Description of the task:
Copy out all the lines of the data precisely, omitting any pictures.

Provided material:
* * * * * * *

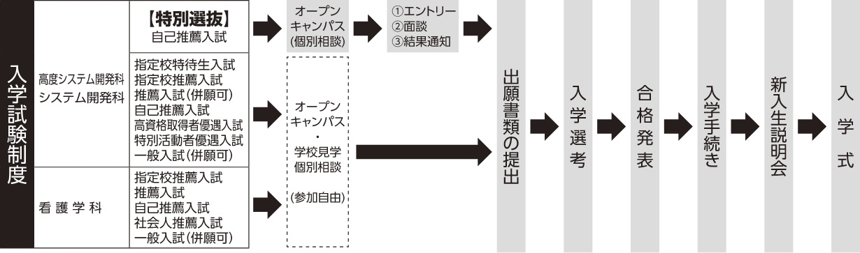 本校の他に大学や短大・公務員・就職などと併願する者に対し、併願先の合否結果が出るまで、本校の入学権利を確保することができる制度です。(5. 出願から入学式までの流れを参照ください)
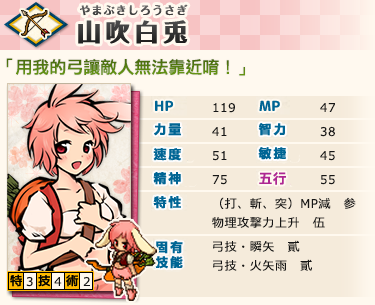 ※「山吹白兔」和一般的白兔有所差異,除了數值相當於稀有式姬,並具有兩項特性之外,技和術的欄位、還有固有技能也不相同。
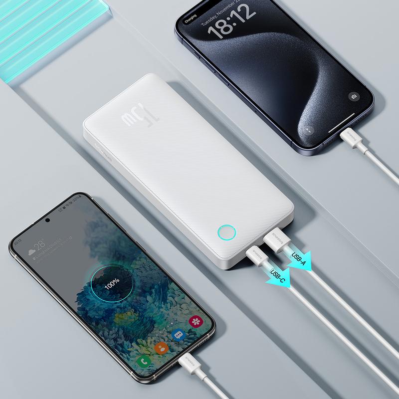 • Batería externa Baseus Airpow Lite de 10 000 mAh con puertos USB-C y USB-A y cable Baseus simple de USB-A a USB-C - 15W
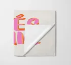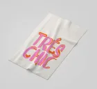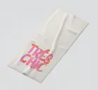 This image features a bold and playful typographic design with the phrase "TRÈS CHIC" prominently displayed. The text is written in a stylised uppercase font, with each letter filled in a bright pink. The letters have an orange shadow effect, which adds depth to the text and makes it stand out against the bright off-white background. The overall design is simple but eye-catching, combining bright colours with a fashionable and trendy expression.

* * * * * * *

Completed task:
 本校の他に大学や短大・公務員・就職などと併願する者に対し、併願先の合否結果が出るまで、本校の入学権利を確保することができる制度です。(5. 出願から入学式までの流れを参照ください)
 ※「山吹白兔」和一般的白兔有所差異,除了數值相當於稀有式姬,並具有兩項特性之外,技和術的欄位、還有固有技能也不相同。
 • Batería externa Baseus Airpow Lite de 10 000 mAh con puertos USB-C y USB-A y cable Baseus simple de USB-A a USB-C - 15W
 This image features a bold and playful typographic design with the phrase "TRÈS CHIC" prominently displayed. The text is written in a stylised uppercase font, with each letter filled in a bright pink. The letters have an orange shadow effect, which adds depth to the text and makes it stand out against the bright off-white background. The overall design is simple but eye-catching, combining bright colours with a fashionable and trendy expression.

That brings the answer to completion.